Search code examples
javaiostreaminputstreamoutputstream

Trying to understand Java I/O and streams


Very new to coding and Java, and I'm trying to wrap my head around streams.

My textbook says that "a stream is linked to a physical device by the Java I/O system." What do they mean when they say "physical"? I've also seen the word used to describe code instead of an actual physical thing that one can see and touch.

When they say a stream is linked to a physical device, do they mean an actual thing you can hold, or something that exists in memory, like an object? Google isn't helping me much with this, saying things like "A Stream is linked to a physical layer", and I'm not sure what that means either.


Solution

  • Your book is probably outdated.

    Java has had the java.io.InputStream interface for about 30 years. That's what it is referring to, but is incorrect.

    Java also has the java.util.stream.Stream stream which is completely unrelated and also uses that word.

    InputStream

    InputStream is an abstract concept representing a readable stream of bytes. By design this stream is not (necessarily) kept in memory. For example, you can turn a file into such a thing, and it doesn't matter if that file is absolutely gigantic. You can simply check the javadoc of InputStream for more.

    Given that it is an interface, you can implement one if you want. Java has many of them baked into the core libraries, and there are hundreds more in commonly used third party libraries.

    They are often used for e.g. files, network connections, and database blobs. Whether you feel that is 'physical'.. now we're just mincing words, I'm not sure it's useful. Point is, the tutorial/document you are reading decided to clarify matters by using that term and I think that was a really bad idea. It clarifies very little. In fact, it's essentially hogwash - there is no need for an inputstream to be backed by a physical device at all. Here:

    byte[] data = new byte[] {1, 2, 3, 4};
    InputStream in = new ByteArrayInputStream(data);
    

    Voila. I made an input stream that is most definitely not backed by anything physical. Or, if 'well, that array is in RAM so I guess that counts' is the line of thinking, then a String is also backed by 'something physical' and in fact everything in java is. Either way, that statement is either incorrect or highly misleading.

    Nevertheless, InputStream is designed to deal with 'physical-ish' concepts.

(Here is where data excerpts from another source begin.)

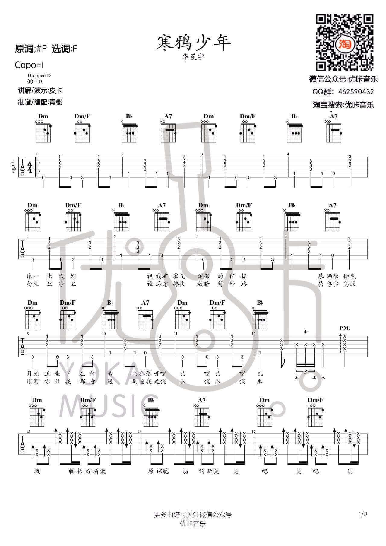 曲谱介绍: 寒鸦少年吉他谱采用了D调指法,由优咔音乐编配完成。《寒鸦少年》是电视剧斗破苍穹的主题曲,一位意气风发的少年身上背着剑在江湖中行走一般,不畏惧任何事情,勇于在江湖中行走,仗剑走天涯。歌里走吧走吧,唱出其中的洒脱与自由。这首着魔吉他谱也很帅,快点去学习吧,没学会的小伙伴要继续加油喔,稳! <iframe src="https://v.qq.com/txp/iframe/player.html?vid=e0724unn45v" width="880"</iframe> 吉他弹唱演示及视频教学 <iframe src="https://v.qq.com/txp/iframe/player.html?vid=e0724unn45v" width="880"</iframe> 吉他弹唱演示及视频教学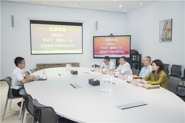 8月27日,金辰股份董事長李義升一行蒞臨通威太陽能眉山基地座談交流,通威太陽能眉山基地廠長姚騫熱情接待。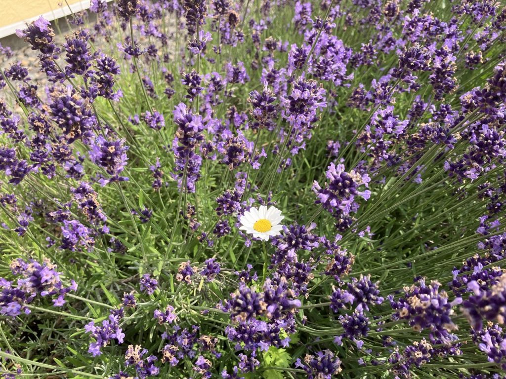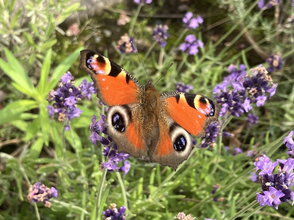 本店の花壇では、ラベンダーが満開を迎え、クジャクチョウが蜜を求めて飛んできています。クジャクチョウは赤褐色の翅に孔雀の羽のような目玉模様が特徴の蝶で、北海道から本州中部に生息します。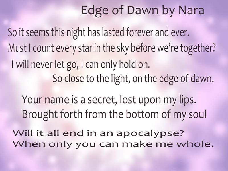This did not fit in with the Edge of Dawn plot line, so it’s a single story. The kindle book is up at http://www.amazon.com/dp/B00JCFR4S0 and the print version should be ready mid April. I’ll also get a .pdf and .epub done as well. Then I’ll be swamped til after May due to conventions. In April I have Altcon and Freecon, then in May I have Momocon. Hope to see you there:)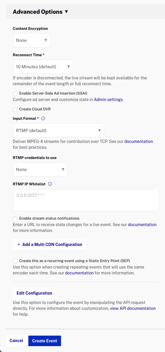 - Durée de reconnexion : si l'encodeur est déconnecté, il s'agit de la durée pendant laquelle le flux en direct restera disponible. Ce paramètre n'a aucun effet sur le délai de démarrage de l'encodeur lors de la création d'un nouvel événement.

    For example, whether we are talking about spinning platters or cells in an SSD, both of them are fundamentally incapable of giving you a single byte. Instead they give you whole blocks worth.

    Hence, the API of InputStream is a bit weird - you can ask it for 1 byte, or, you can provide it a byte array and ask it to fill it 'up as far as the input stream feels is efficient'. For example, given a file with 1GB of data left to read, if you hand it a 100MB byte array, the API is free to fill 20MB worth, tell you it gave you 20MB, and return. Even though it could fill 80 more MB.

    Because perhaps that was 'most efficient' - it depends on the hardware, and the entire point of InputStream is that it abstracts this stuff away.

    The book / tutorial / that google result is making a very common explanatory mistake, which is that they have a word, they think everybody assumes that word means what the author thinks it means, and then just uses the word without explaining it.

    No such luck - many words are either straight up ambiguous (in that there are entire culture wars fought over its meaning), or only clear in the sense that 'jargon is clear' - if you know what a 'stream' is in java jargon, then you... know what a stream is. Either way, presuming that the reader knows the jargon when you are trying to explain the basics is didactically speaking of course utterly daft. And yet it sounds like your tutorial or what not made that mistake. Probably best to toss it out, or at least keep in mind it's not doing a very good job.

    At any rate, what the author feels the word 'physical' means is:

    • A file on disk/ssd.
    • A blob in a database.
    • One side of a TCP/IP network connection (the 'data flowing from whomever you are talking to, to your application. For example, if requesting a web page, the HTTP return headers and, say, the HTML).

    Which isn't clear, but even if we take that as read, it's wrong in that you can also make an InputStream for something as simple as a byte array.

    The java.util.stream.Stream sense

    This is a different 'take' on the notion of a collection, such as a list. It has absolutely nothing to do with files and networks and is a similar highly abstract idea. InputStream is a stream of bytes, and the API exposes various ways of grabbing them in bulk for efficiency reasons. j.u.s.Stream is a stream of Ts - as in, pick a type, it can be a stream of strings, bytes, persons, students, horses, computers, videos, messages, songs, or whatever you want. It doesn't have bulk methods "for efficiency", it has bulk methods for readability. Other than the notion that the english dictionary word 'stream' feels like a decent fit for both of them, there is absolutely no relation between the two.

    Further highlighting one clear conclusion: The tutorial / book you are reading is trying to clarify things. It missed the mark. By quite a few ballparks.